Print only the lines from the top of the data through the line with "отправки на сервер", both included, skipping every picture.

*** The input Section Begins ***

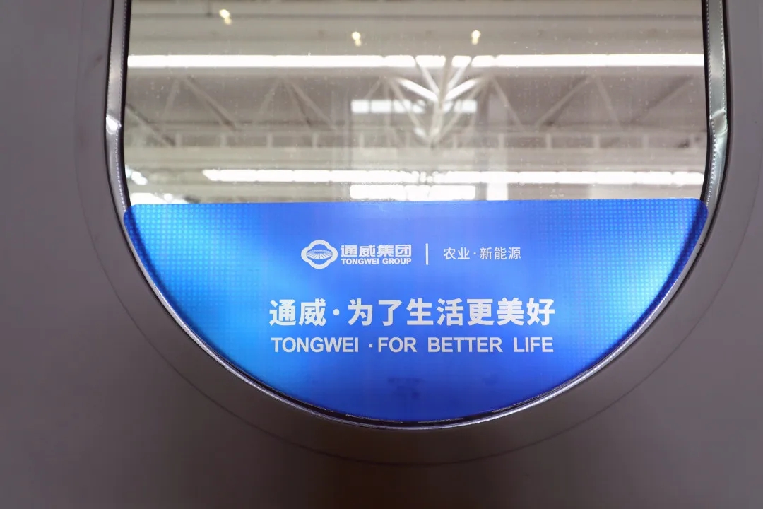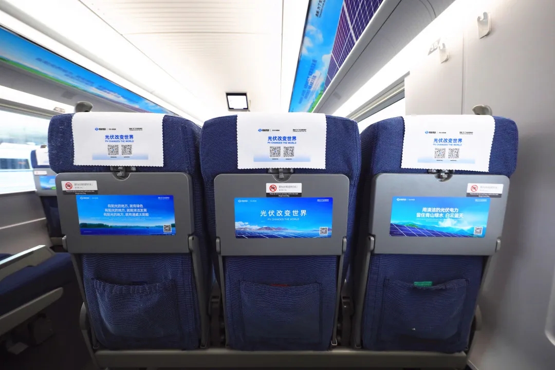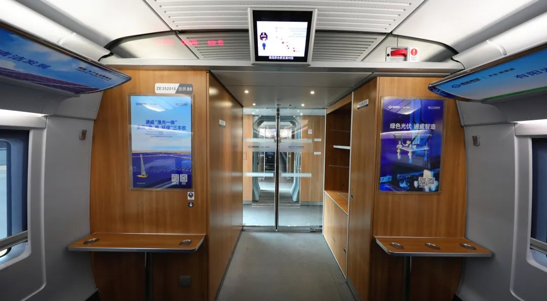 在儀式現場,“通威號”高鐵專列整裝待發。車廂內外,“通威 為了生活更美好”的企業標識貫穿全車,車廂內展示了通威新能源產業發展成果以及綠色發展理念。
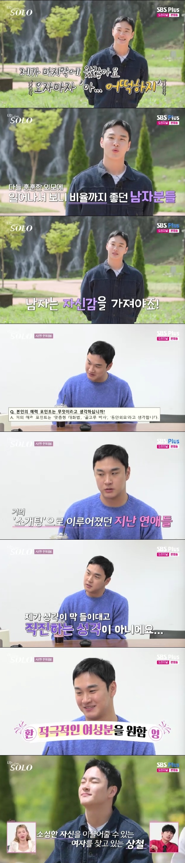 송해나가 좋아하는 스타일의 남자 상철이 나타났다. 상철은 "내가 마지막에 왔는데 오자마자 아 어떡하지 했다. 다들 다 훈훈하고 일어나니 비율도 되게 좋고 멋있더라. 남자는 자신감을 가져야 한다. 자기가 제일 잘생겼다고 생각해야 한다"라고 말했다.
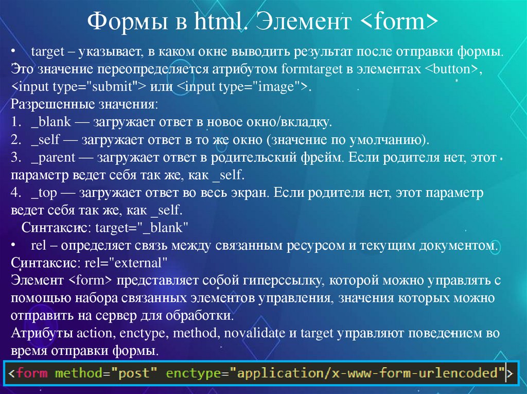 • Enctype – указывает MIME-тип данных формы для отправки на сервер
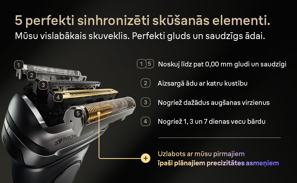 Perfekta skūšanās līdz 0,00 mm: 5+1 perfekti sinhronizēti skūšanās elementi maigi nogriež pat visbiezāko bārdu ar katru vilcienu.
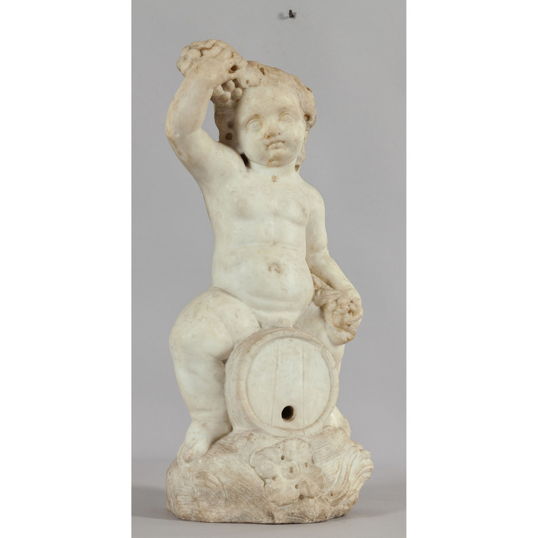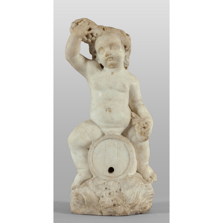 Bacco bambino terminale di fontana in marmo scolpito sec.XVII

*** The input Section Ends ***

• _Answer below_:
 在儀式現場,“通威號”高鐵專列整裝待發。車廂內外,“通威 為了生活更美好”的企業標識貫穿全車,車廂內展示了通威新能源產業發展成果以及綠色發展理念。
 송해나가 좋아하는 스타일의 남자 상철이 나타났다. 상철은 "내가 마지막에 왔는데 오자마자 아 어떡하지 했다. 다들 다 훈훈하고 일어나니 비율도 되게 좋고 멋있더라. 남자는 자신감을 가져야 한다. 자기가 제일 잘생겼다고 생각해야 한다"라고 말했다.
 • Enctype – указывает MIME-тип данных формы для отправки на сервер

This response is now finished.